For the occurrence of [0, 1 in the model]Continuous variable x1And [0, M]Continuous variable y1In the case of the product, it is linearized by a relaxation method (second-order cone relaxation method); wherein, [0, 1]]Continuous variable x1Refer to the shunt coefficients μ and λ, [0, M]Continuous variable y1Refer to in the partial equality and inequality constraints (equations (6) and (7))The power of a device multiplied by μ and λ, both variables, contribute to model non-linearity; m is a positive real number. After a T variable is introduced, a CPLEX solver can be called in Matlab to solve the optimized configuration model established in the step (3) after the nonlinear part is subjected to linearization processing through linearization processing. The method specifically comprises the following steps:
introducing a new variable T, let
T=x1y1 x1∈[0,1]y1∈[0,M]
The linearizable process is:
T-0·x1≥0
T-M·x1<0
T-y+0·(1-x1)≤0
T-y+M·(1-x1)≥0
in order to clearly describe the flow of the algorithm, the model is unified and compact to obtain a linear programming model in the following form:
obj.min f(x) (5)
s.t.Aeqx=beq (6)
Ax≤b (7)
wherein, the formula (5) is a planning total cost objective function; x is a control variable and a state variable, and comprises the rated power and capacity of the energy storage equipment, the output of the equipment in each scheduling period, the electricity and gas purchasing quantity of the system, the shunt coefficient and the like; the equations (6) and (7) are respectively linear equality constraint and inequality constraint, and comprise balance of electricity and gas output, equipment output constraint, energy conservation of energy storage equipment and the like; a. theeqFor equality-constrained independent variable coefficients, beqIs a constant in the equality constraint; a is an independent variable coefficient in an inequality constraint, and b is a constant in the inequality constraint.
Claims (10)
1. A method of configuring an electric-gas multi-energy storage system in consideration of user energy uncertainty, comprising the steps of:
(1) establishing a regional comprehensive energy system model containing an electricity-gas multi-energy storage system;
(2) analyzing the influence of different load characteristics and uncertainty of user energy types on the configuration of the energy storage system and adjusting the load:
and (2.1) determining different supply sources of the loads.

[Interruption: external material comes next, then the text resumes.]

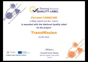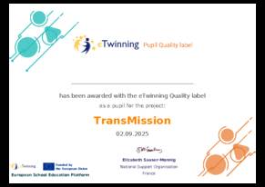 L'équipe d'enseignants et les élèves de la 4ème 2 de la promotion 2024-2025 sont fiers de vous annoncer qu'ils ont obtenu un Label De Qualité National pour le projet eTwinning intitulé TransMission qui a été mené tout au long de l'année passée avec des écoles espagnoles, italiennes, portugaises, turques et roumaines.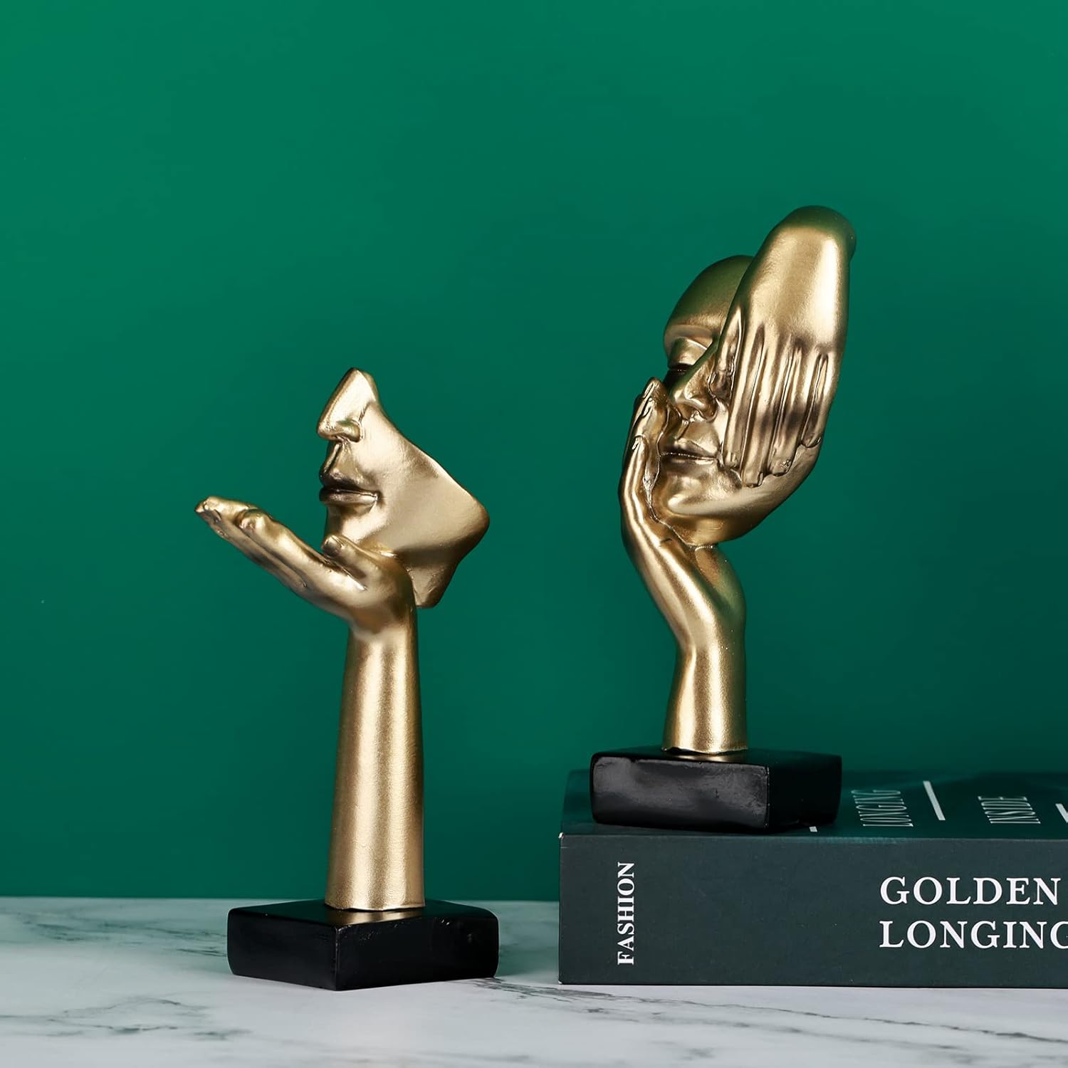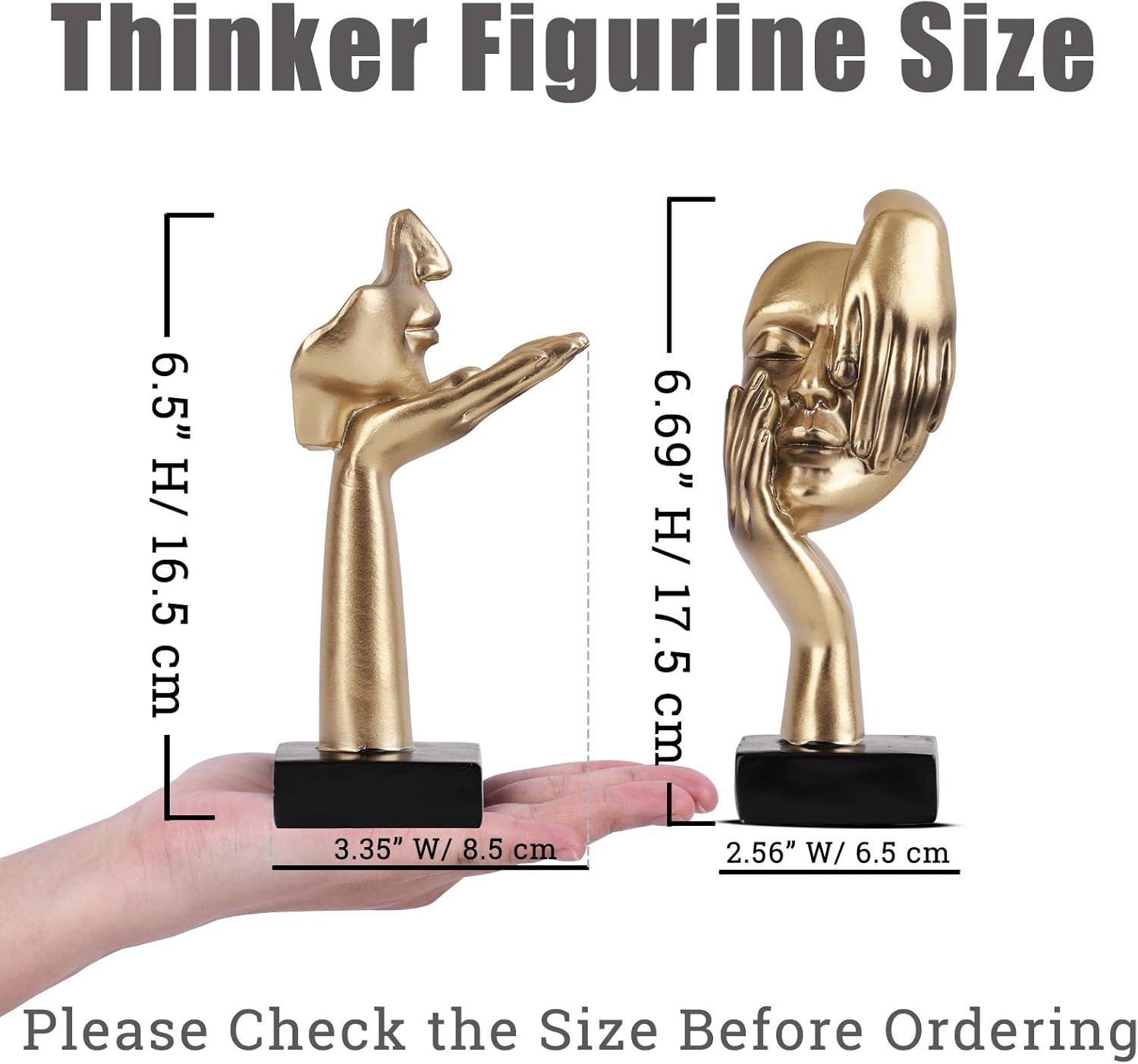 Статуя на Мислител от 2 части, Златисто-черна абстрактна художествена скулптура, Модерен домашен декор, Декорация за бюро, Коледен, Новогодишен подарък (2 части, златисти)

(2.2) determining the proportion of the selectable load.
(3) With the economy as a target, an electricity-gas multi-energy storage system optimization configuration model containing an energy storage battery, P2G equipment, gas storage equipment and a gas transmission pipeline is established:
and (3.1) planning the rated power and the capacity of the multi-energy storage system in the built integrated energy system to minimize the total cost in the whole life cycle. Meanwhile, the time value of capital is considered, and all the cost is reduced to the equal-year value.
And (3.2) adding gas turbine output constraint, gas boiler constraint, electric boiler constraint, energy storage battery constraint and gas storage constraint in the established model.
(4) And (4) optimizing and solving the model established in the step (3).
2. The method for configuring an electro-pneumatic multi-energy storage system in consideration of user energy uncertainty as claimed in claim 1, wherein the step (1) is embodied as:
and (1.1) establishing a physical model of the regional comprehensive energy system based on the electricity-gas multi-energy storage system. The multi-energy storage system comprises an energy storage battery, a P2G device, a gas storage device and input and output pipelines of the gas storage device. The loads are divided into electrical and thermal loads, and other devices are gas turbines, wind generators, gas boilers and electric boilers.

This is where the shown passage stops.